За веру, царя и социалистическое отечество — страница 32 из 71

– С Фридрихом? – Пугачев, сам понюхавший пороху в сражениях с пруссаками, молодецки подкрутил ус.

– Почти… Сражается он геройски, однако огорчен творящейся вокруг несправедливостью. Постепенно проникается духом свободолюбия и самомнения. Питает вражду к дворянам-мироедам и офицерству.

– Ну один к одному обо мне писано! – Пугачев заметно повеселел. – Пойдем пройдемся, я табачка закурю.

– Тут на Руси как раз заваривается великая смута, – продолжал Барков, стараясь уклониться от облака вонючего махорочного дыма, целиком объявшего лжецаря. – Казак пристает к восставшим. Опять геройски сражается. Опять видит, что справедливости нет и на этой стороне. Еще больше проникается духом свободолюбия и самомнения. Питает вражду к зарвавшейся и зазнавшейся черни. Возвращается под дворянские знамена. С течением времени повторяется прежний расклад: геройство – разочарование – рост самомнения – переход в лагерь противника. И так раз пять или шесть, чтобы хватило на толстенную книженцию! Само собой, вера утрачена, здоровье подорвано, мошна пуста, а сердечная зазноба Людмила или там Аксинья гибнет от пули неизвестных злодеев. Все рухнуло, осталось одно самомнение. В конце концов казак возвращается в свой опустевший хутор и топит в проруби опостылевшее оружие.
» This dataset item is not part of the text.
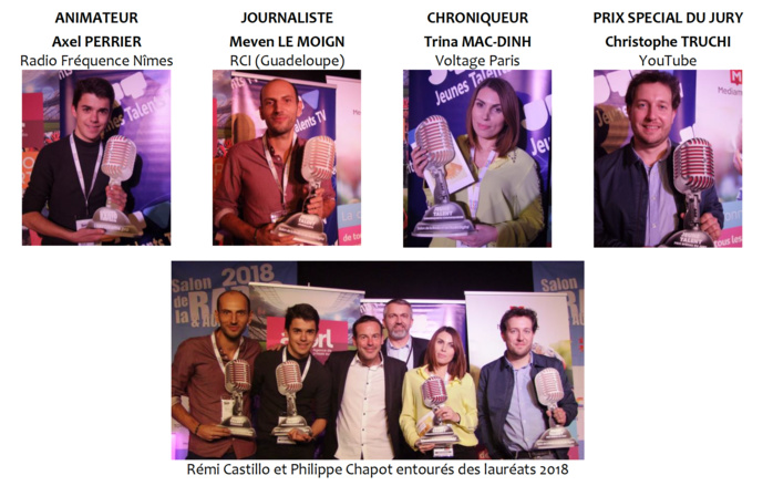 Vendredi dernier s’est tenue la finale, suivie de la remise des trophées des Jeunes Talents de la Radio, de la TV et du Net, depuis le Salon de la Radio, organisé par Philippe Chapot (La Lettre Pro de la Radio), à la Grande Halle de La Villette. Rémi Castillo, créateur du concept Jeunes Talents, avait une nouvelle fois réuni un jury d’exception, sous la présidence de Jean-Luc Reichmann : Arnaud Annebicque et Guy Detrousselle (Médiamétrie), Sylvain Athiel (A2PRL), Stéphane Bosc (RFM), Marc Choquet (Chérie), Jean-Marc Dorangeon (Conseiller auprès de C8 et Bel RTL), Bruno Dubois (Sud Radio), Patrice Gascoin (TV Mag-France Bleu), Alexandre Laurent (France Bleu), Isabelle Layer (France Télévisions), Sylviano Marchione (Studec), Jean-Sébastien Petitdemange (RTL).

– Все? – Казалось, что дым одновременно исходит из всех отверстий, имевшихся на теле Пугачева, включая еще не до конца зажившие раны.

– А разве мало? – Барков, не ожидавший такой реакции, слегка опешил.

– Нет, не мало… Как мыслишь свое творение назвать?

– Как-нибудь попроще… «Казаки», например. Возможно, «Донские казаки». Или того проще – «Тихий Дон». Как в песне поется.

– Не пойдет. – Пугачев погрозил Баркову своей ужасной трубкой. – Поносное сочинение. Тлетворное. Донской казак случайным поветриям не подвержен и правое дело на неправое менять не должен. Довелось биться с офицерьем и дворянскими прихвостнями, так бейся до конца. Руби их в окрошку хоть десять книг подряд. А если кто зачнет по каждой мелочи колебаться, так он не казак, а девка. И не надо никаких соплей про опустевший хутор! Врагам на мельницу воду льешь. Пусть твой казак с победой возвращается в зажиточное сельцо, где его встречает богоданная супружница с ребятишками, а не какая-то срамная Людмила-Аксинья. И не оружие свое он должен губить, а мужицкого царя славить… Как ты того царя, кстати, описать собираешься?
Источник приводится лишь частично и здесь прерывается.